THE FUTURE'S SO PANABRITE
Panabrite (Seattle keyboardist Norm Chambers) works in the hazy, analog-synth-laden zone between kosmische drift and new age waft. Such artists tread a fine line between sublimity and schmaltz, but Panabrite confidently steers his armada of tones to the former state. On releases like Contemplating the Observatory and Wizard Chimes, Panabrite launches beatless symphonies of fibrillating, smeared whorls and drones that make you feel like the star of a weird nature documentary or a sci-fi blockbuster from 1977. Chambers excels at evoking both the intimate and the epic with his scrupulously wrought arpeggios and ostinatos. There's something of Vangelis's grandiose melodic sweep, too, in Panabrite's expansive compositions. One track from Observatory is titled "Shimmering Pinnacles," and it's the truth. With Garrincha & the Stolen Elk, Megabats, and Summon Thrull. Josephine, 9 pm, www.myspace.com/thejosephine.

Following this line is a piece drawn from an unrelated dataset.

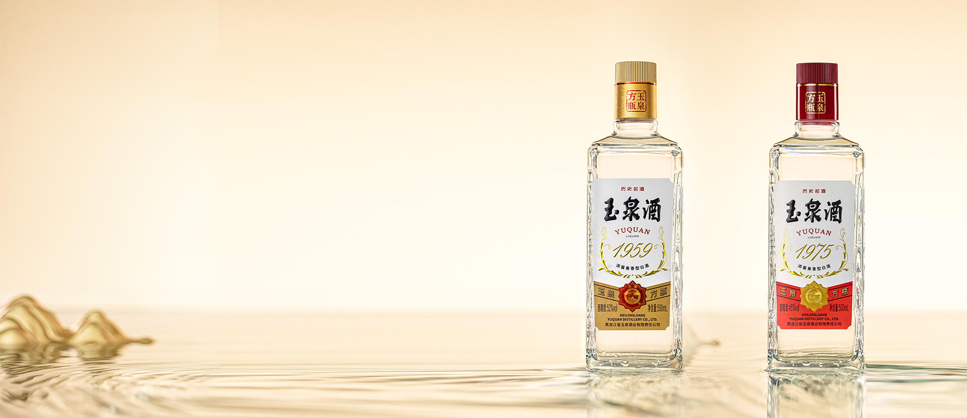 1959年由國家商業(yè)部投資、黑龍江省政府組織下,“黑龍江省玉泉酒廠”正式成立。1975年全國白酒泰斗周恒剛領導的全國白酒技術精英專家小組,首創(chuàng)兼香型玉泉方瓶,成為當時中國第五大白酒香型。

TECHNO ALBUM OF THE YEAR ALERT
Just wanted to deviate from protocol here to say that Primate (CLR; www.clr .net) by Berlin-based British producer Tommy Four Seven is an astonishing minimal-techno album constructed entirely from field recordings; no synths or software were used. This unorthodox method produces a raw, brutal strain of dance music whose textures come off as frighteningly other. Harrowingly intense and hypnotic, this handmade hunter-and-gatherer-style record should be scoring Gaspar Noé's next film, if he knows what's good for him.